More preschoolers learn foreign languages as parents realize benefits.![]()
By Stacy Wells Like most 3-year-olds, Brian Hwang can't read, can't add up the money in his mother's wallet and can't say what is in the soup he's having for dinner. But the Ithaca, N.Y., child giggles at the stories read to him in Mandarin, counts out 20 $1 bills in English and says his soup is hot in Taiwanese. Bilingualism: The Accent is on Youth
The number of American preschoolers like Brian who are learning to speak two and three languages is the rise because many experts and parents find that learning foreign tongues stimulates a child's mental development. Research has shown that bilingual youngsters are more imaginative, better with abstract notions and more flexible in their thinking than one-language children.
Today, there are at least 1,200 language programs nationwide for children under 6 years old, according to the Center for Applied Linguistics in Washington, D.C. Yet that doesn't come close to satisfying the demand for preschool foreign-language instruction.
In Milwaukee, three schools offer classes for 4-year-olds in French, German and Spanish -- and each class has a waiting list of 50 children. In Washington, applications have doubled in the past year for the International School's nursery and kindergarten classes taught in Spanish or French.
Linguists say that four years ago there were no books instructing parents on how to teach children bilingually; now there are more than 20.
Shrinking world
Günther Brandt, headmaster of the Washington International School, says the most common reason he hears from parents wanting bilingual courses for children is that "the world is getting smaller, and the U.S. is realizing it can't isolate itself any more."
Some parents say they regret not having learned a second language themselves. Others want to share part of their family heritage with their children. Yet many are enrolling their children in classes that have no connection with family roots. In San Francisco, nearly half the 0 preschoolers in the Nihonmachi program are non-Japanese, and more than a fourth of the youngsters at the Chinese-American International School are non-Oriental. The mother of the one black child in the program says she wants her son to be able "to communicate with the largest nationality in the world."

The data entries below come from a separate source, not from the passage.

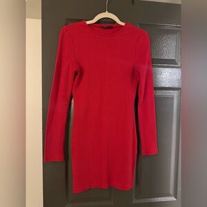 Red ribbed bodycon dress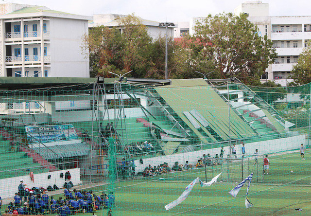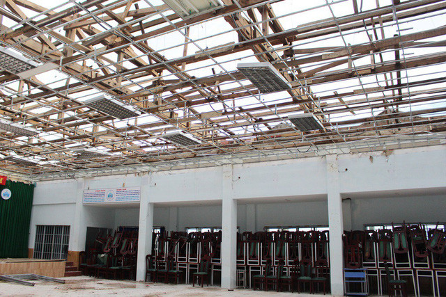 Mái che sân vận động của nhà trường bị bão số 12 đánh sập một phần.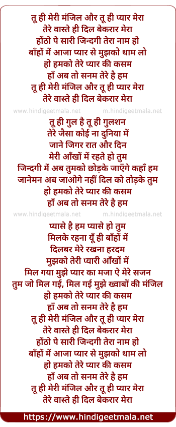 tu hi meri manjil aur tu hi pyaar mera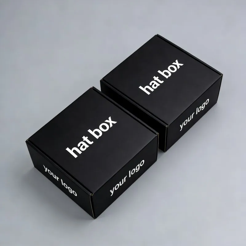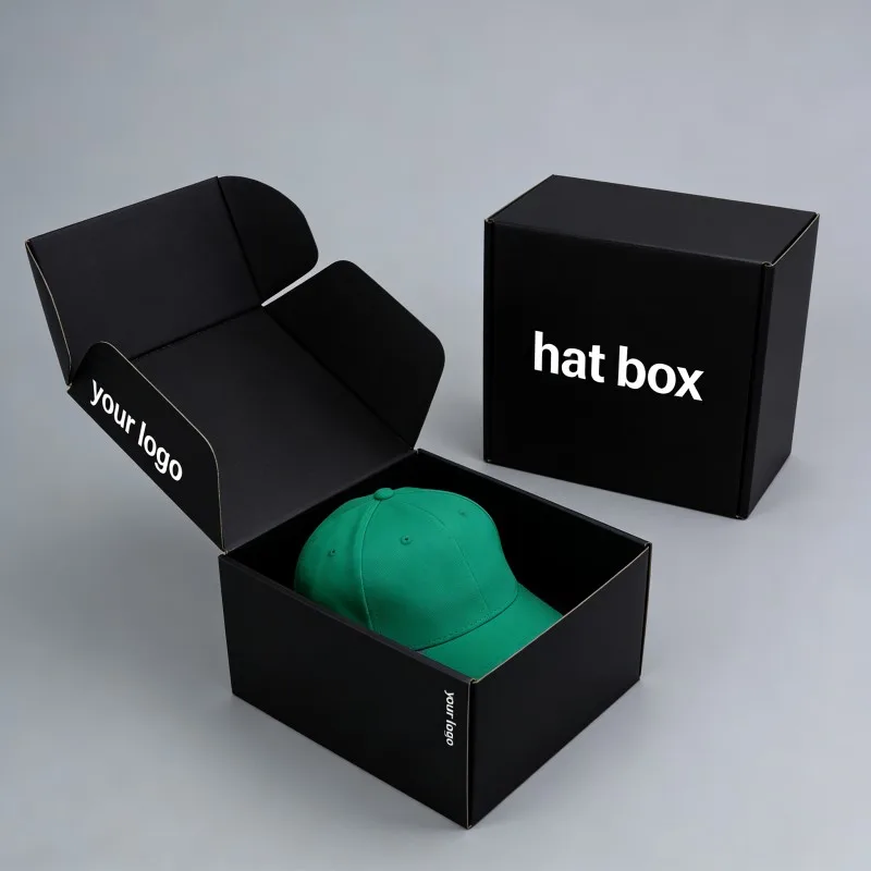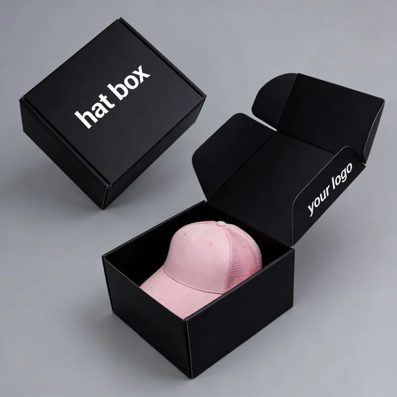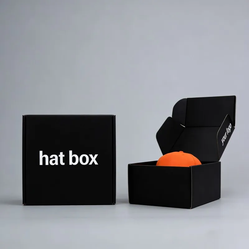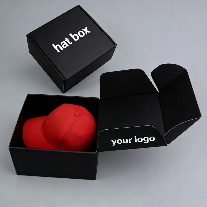 Qara rəngdə çap edilmiş, mat, korqulon şapkalar üçün qablaşdırma qutusu; poçtla göndərilən karton daşınma qutuları; beysbol papaqları, geyim, çorab və geyim məhsulları üçün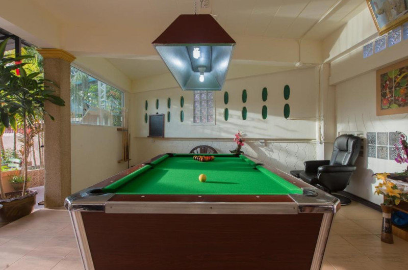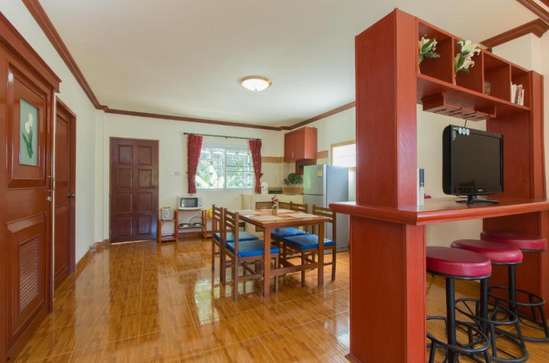 In restaurantul, situat langă piscină, sunt servite mancăruri thailandeze și internaționale. Are un bar care oferă beri reci și alte băuturi alcoolice.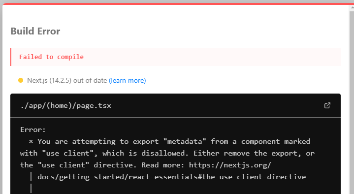 오류를 뱉어낸다. metadata를 use client로 표시한 컴포넌트에서 export하려하고있다는 오류였다.
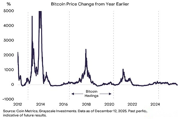 仮想通貨の誕生から現在に至るまで、その評価額は平均して 4 年に 1 回、周期的に 4 回大きな下落を経験しています(図 2 を参照)。周期的な評価額のピークのうち 3 回は、ビットコインの半減期イベントの 1 ~ 1.5 年後に発生し、これも 4 年ごとに発生します。現在の強気相場は3年以上続いており、直近のビットコイン半減期は1年半以上前の2024年4月に発生した。その結果、一部の市場参加者の間では、ビットコイン価格は10月にピークに達した可能性があり、2026年は仮想通貨のリターンにとって厳しい年になるだろうとの見方が広まっている。

Preschoolers who can speak two languages learn to read more quickly than their monolingual peers, reports Kenji Hakuta, psychology professor at Yale and author of The Mirror of Language: The Debate on Bilingualism (Basic Books, 1986). Hakuta says that reading involves the same skills as speaking two dialects. Learning that two sounds are symbols for the same objet makes it easier for the child to understand that a printed world is a symbol also.
For years, many parents worried that their children would be confused by absorbing two languages at the same time. However, researchers are finding that those raised in a bilingual home begin to talk a little later but that, once they talk, they show a better understanding of the way language works than other children do.

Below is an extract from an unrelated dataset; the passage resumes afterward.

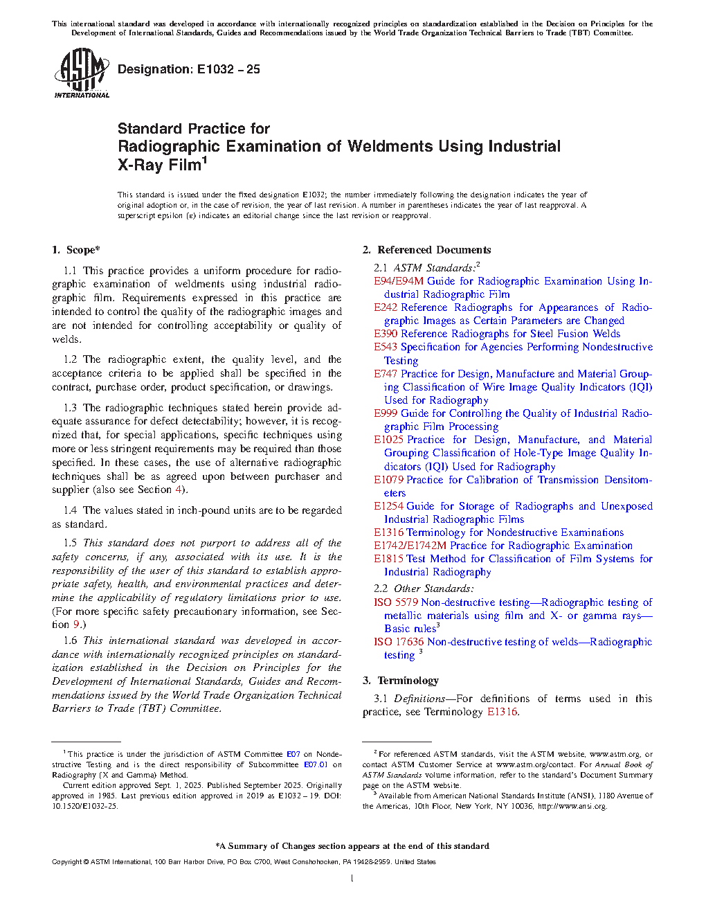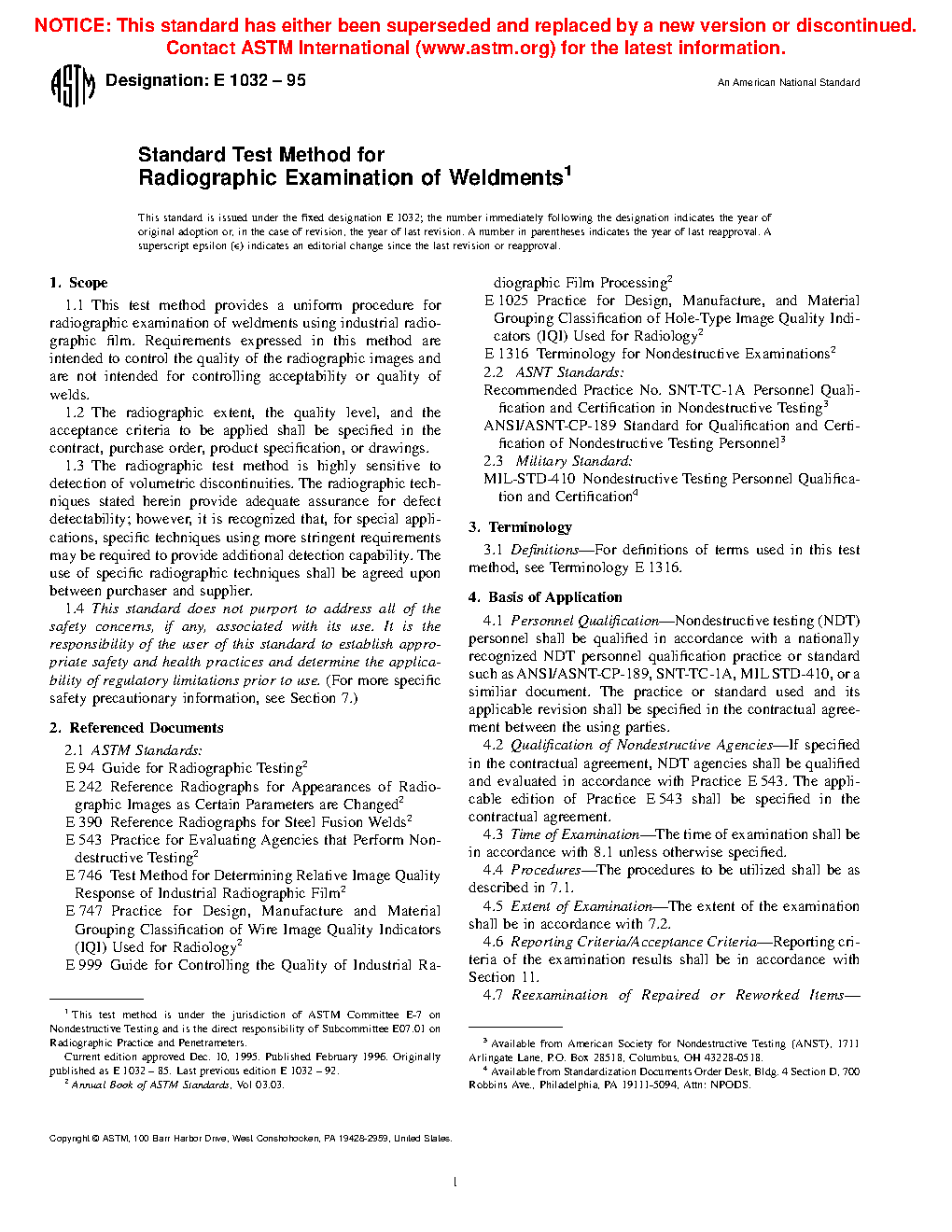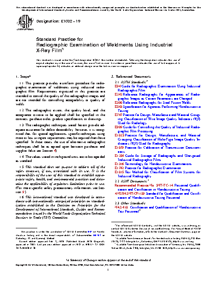 1.1 This practice provides a uniform procedure for radiographic examination of weldments using industrial radiographic film. Requirements expressed in this practice are intended to control the quality of the radiographic images and are not intended for controlling acceptability or quality of welds.

Bilingual children often mix their languages -- something once viewed as a sign of confusion. But studies now show they are using words from one tongue to support and emphasize the other. "They are taking advantage of the richness of the languages," says Hakuta.
Although educators encourage teaching children a second language, they warn parents not to expect their youngsters to learn it without much time or trouble. Research is proving that children are not linguistic sponges.
Catherine Snow, associate professor at Harvard's Graduate School of Education, studied English-speaking adults and children learning Dutch and determined that if an adult and a child have equal exposure to a second language, the adult will learn it faster. Adults, she says, understand how languages work and have strategies for remembering words and grammar that are more developed than children's.
Peer pressure
Teachers say youngsters have two advantages: They are not inhibited by making new, strange sounds that come along with language training, and if they are exposed to these lessons earl enough, children will develop a native accent. Puberty is the generally accepted cutoff point for mastering the subtleties of an accent.
The only drawbacks that experts see in raising a child bilingually are that some might be teased because they're speaking a different language or, if placed in a class with native speakers, might be intimidated by the fluency of the others.
When Paúl Duston Muñoz of Silver Spring, Md., was 3, he decided to stop speaking Spanish. He told his mother that he didn't want to be different. Although his mother says that the only time he uses Spanish is when he is sick or thirsty at night or to say words that aren't polite in English.
Even if children reject the second tongue, say the experts, early training makes it easier to pick up the same language or begin a new one later.
Nothing in a bilingual education is ever lost, asserts McGill University psychology Prof. Wally Lambert. "It's as though the language is put on ice."